Work instruction.
One exact copy of the listing, minus the images, is the required answer.
(Collected data)
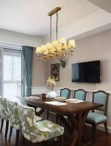 餐厅墙面上也安装了电视这样能一边看电视一边吃饭了。墙面上还用画作简单的装饰下墙面不会显得空荡荡的
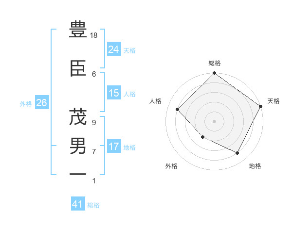 豊臣 茂男一さんを姓名の画数から五運を鑑定
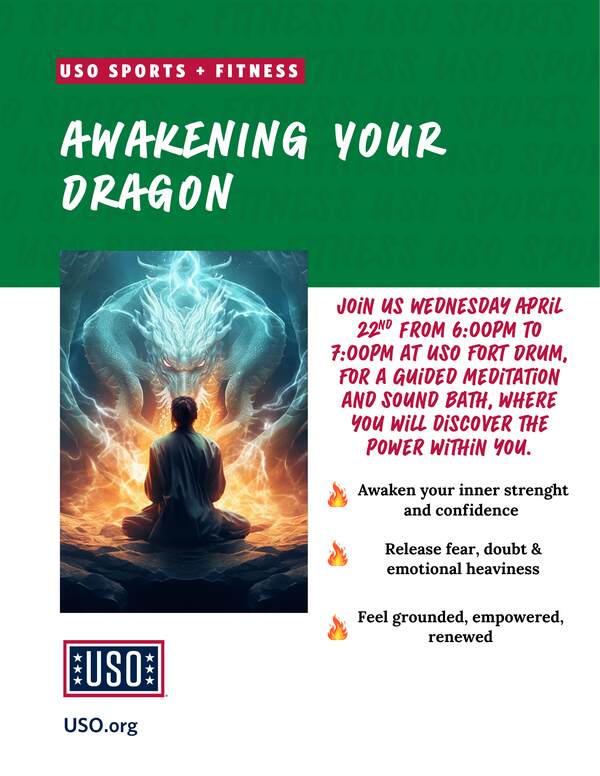 Join us Wednesday April 22nd from 6:00pm to 7:00pm at USO Fort Drum, For a guided Meditation and Sound Bath, where you will discover the power within you. Awaken your inner strength and confidence, release fear, doubt & emotional heaviness, to start feeling grounded , empowered, renewed.
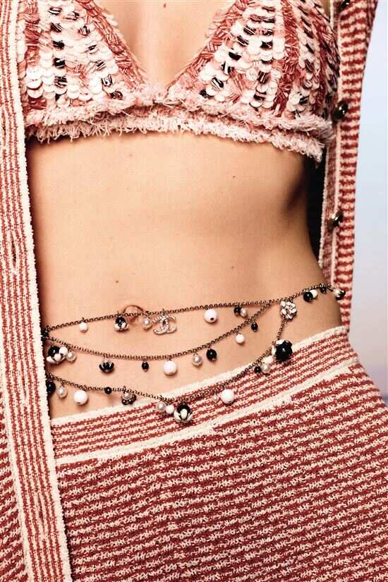 ▲粗链条简洁百搭,挂在腰腹最细的位置,对比下实力显瘦。 |
(End Collected data)
Output for this exercise.
 餐厅墙面上也安装了电视这样能一边看电视一边吃饭了。墙面上还用画作简单的装饰下墙面不会显得空荡荡的
 豊臣 茂男一さんを姓名の画数から五運を鑑定
 Join us Wednesday April 22nd from 6:00pm to 7:00pm at USO Fort Drum, For a guided Meditation and Sound Bath, where you will discover the power within you. Awaken your inner strength and confidence, release fear, doubt & emotional heaviness, to start feeling grounded , empowered, renewed.
 ▲粗链条简洁百搭,挂在腰腹最细的位置,对比下实力显瘦。 |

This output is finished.